Мебель была сделана по заказу: резной дуб у отца в кабинете, кресла, каждое величиной с готический собор, их передвигали втроем, скамейки и столы, красное дерево в кабинете Анны Ильиничны, белая, сияющая мебель в детских, серые буфеты и кресла в столовой, — в других комнатах все было случайное и сборное.

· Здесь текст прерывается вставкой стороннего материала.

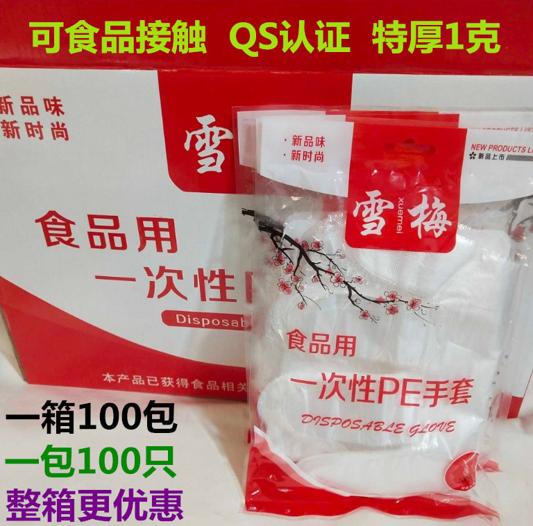 Promotion Wannuo day disposable PE plastic film gloves food grade thickened catering lobster pizza hairdressing gloves

Несмотря на то, что все в доме и сам дом производили впечатление величественности и тяжести, даже в 1912–1913 годах, в момент наивысшего расцвета нашей финляндской жизни, в углах уже таились призраки четвертого акта «Жизни человека». Правда, самый воздух дома был пропитан волей к творчеству — все попадавшие к нам начинали писать или рисовать. Так, наш слуга Андрей написал длиннейший роман в четырех частях, в котором рассказывалась трогательная история похищенного цыганами графского сына, а затем, разочаровавшись в писательстве, занялся живописью. У него открылся — на сороковом году жизни — незаурядный талант, и после того как он преодолел первые технические трудности, его картины стали хорошо продаваться. Пробовали писать все — не только мои дядья, Андрей и Павел, но и мои учителя, ненадолго попадавшие к нам. Один из них — Семичев — стал настоящим беллетристом. И все же, несмотря на творческий воздух, наперекор присутствию отца, не подчиняясь материальной тяжести вещей, непрерывно, каждую минуту, чувствовалось тревожное и странное ощущение непостоянства и зыбкости.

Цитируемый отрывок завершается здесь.